Normally we don’t give any credence to Zoë's star-spotting – to her every man in a tuxedo is Pierce Brosnan, every grey-haired gent drinking red wine is Anthony Hopkins and every petite brunette eyeing the security cameras is Winona Ryder. Even if we're at the Churchill Square mall. But in this location, it actually seems feasible.

'He's so sexy, isn't he?' she continues, leering over at his sleepy, stubbly face.

I roll my eyes – considering she's only twenty-five, Zoë is partial to a strange array of retro crushes. I blame the repeats on Living TV.

'I think it's a sign!' she decides.

'Of what?' I laugh.

‘That I'm going to shag a celebrity!’

‘Well, law of averages, it's going to happen sooner or later.'

'I'll have you know I've been very restrained lately,' she sniffs.

'No more single fathers, child psychologists or male nurses?' I check.

'No, I've cut right back!' Zoë looks pious.

'Conserving your energy for this trip?'

She nods eagerly. Men of America beware.

'So what did you want to talk about?' she tilts her head expectantly.

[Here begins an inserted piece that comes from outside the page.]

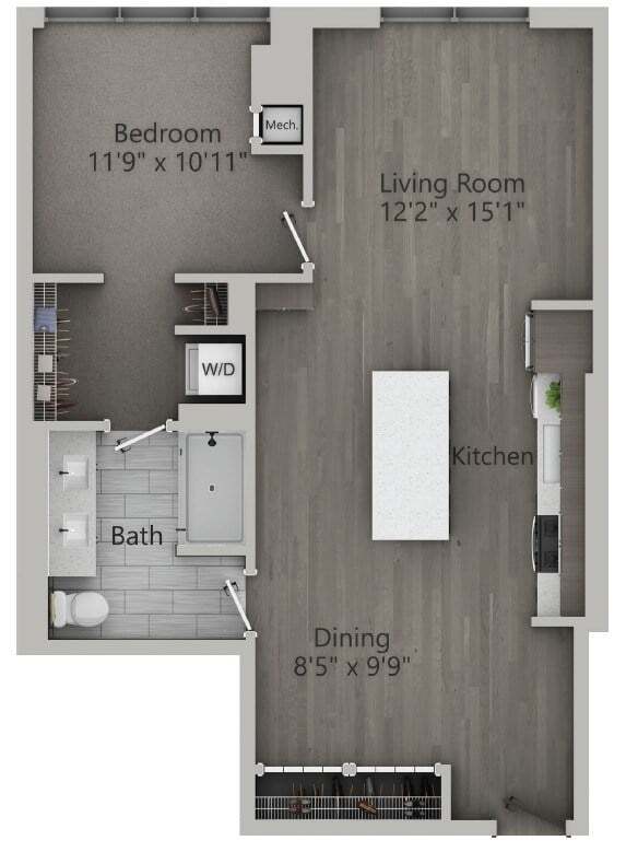 1 Bed, 1 Bath, 545 sq ftAvailable NowModel Gallery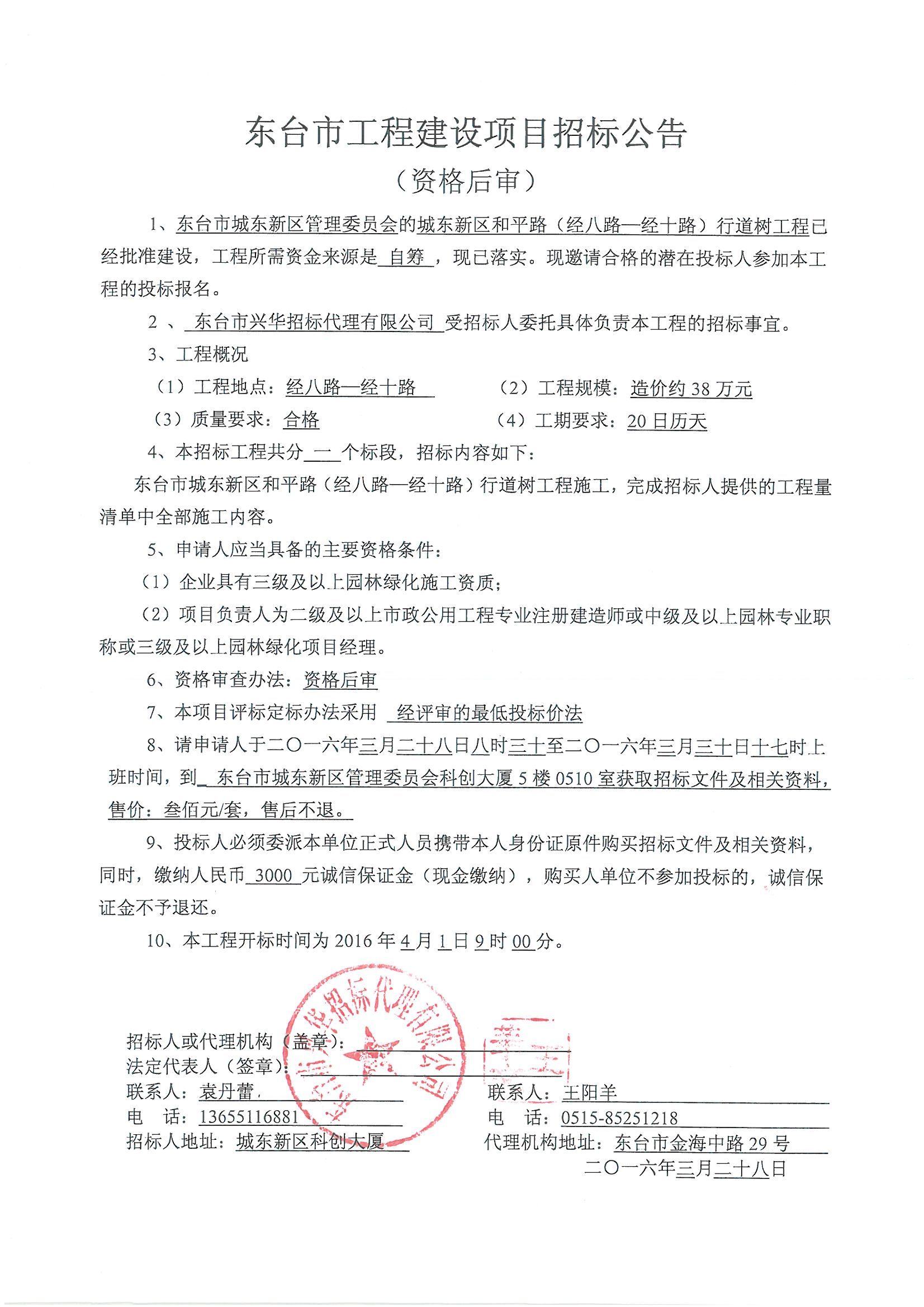 文章来源:东台市兴华招标代理有限公司 添加时间:2016/3/26 16:52:49 点击率:1966

Suddenly I can't do it. The timing is all out. She's hyped up about the trip and I don't want to see the work-of-art that is her eye make-up streaking on my account. Maybe it's best I wait until we're all together?

'Lara?' Zoë tries to prompt a response.

'I just wanted to make sure you'd get here before Elliot and Elise – you know how I feel about seeing him with her …' It's only half a lie – I am genuinely queasy at the prospect.